The mapping here is a bit theoretical, but if you provided a token, it would generate a direct class, e.g. .text-error
. But if you provided a group of colors, it would produce multiple classes joined by hyphens, e.g. .text-blue-100
.
Alternative config
We could take a more automatic approach, and just have you specify globs of token groups like so:
import pluginCSS from '@cobalt-ui/plugin-css';
export default {
plugins: [
pluginCSS({
utilityCSS: {
color: ['color.core.*', 'color.semantic.*'],
spacing: ['space.*'],
}
}),
],
}
While this may not allow as much fine-tuned control over generated CSS, it would be much easier to set up.
Note that whichever API we go with (even possibly secret option C), I do somewhat like some level of “manual” specification because it would prevent generating a wasteful amount of CSS (Tailwind’s problem, unless you use treeshaking).
Questions
- Are there other Tailwind-ish words other than
color
,border
, andspacing
this should generate?- E.g.
transition
?
- E.g.
- Is there a better configuration API than either proposal?
- For example, Tailwind uses numbers for spacing, e.g.
.mt-2
, however, your design system may not use that convention. What would be a good way to describe that mapping?
- For example, Tailwind uses numbers for spacing, e.g.
- Is
utilityCSS
the right top-level term for this?
Update: I may retract my beginning statement of this not being compatible with Tailwind; perhaps a better approach is to simply customize Tailwind as much as it will allow, as this example shows. That would be preferable than trying to create + document some custom thing.
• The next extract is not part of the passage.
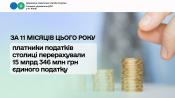 Упродовж січня – листопада 2025 року столичні платники сплатили 15 млрд 346 млн грн єдиного податку. Як повідомила начальник ДПС Києва Інна Якушко, порівняно з січнем – листопадом минулого року надходження збільшилися на 1 млрд 176 млн грн, або на 8 %.
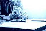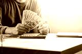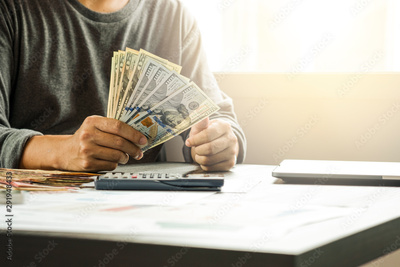 Businessman holding and give US dollar banknoted.US dollar is main and popular currency of exchange in the world.Investment and spayment concept.

After giving it a bit more thought, I’m going to add both. I can see a utility CSS approach being useful for folks not using Tailwind (purely opt-in). But also I recognize that Tailwind users want to use the tools they have, and I think a Tailwind plugin is necessary for them.
I believe the Tailwind plugin will be its own package for easiest consumption.
Can you assign this to me!
@Mstanic05 thanks for being willing! But I’m going to add this as the API / requirements aren’t clear. But happy to ping you for a review to give your feedback & input when the PR is up 🙂.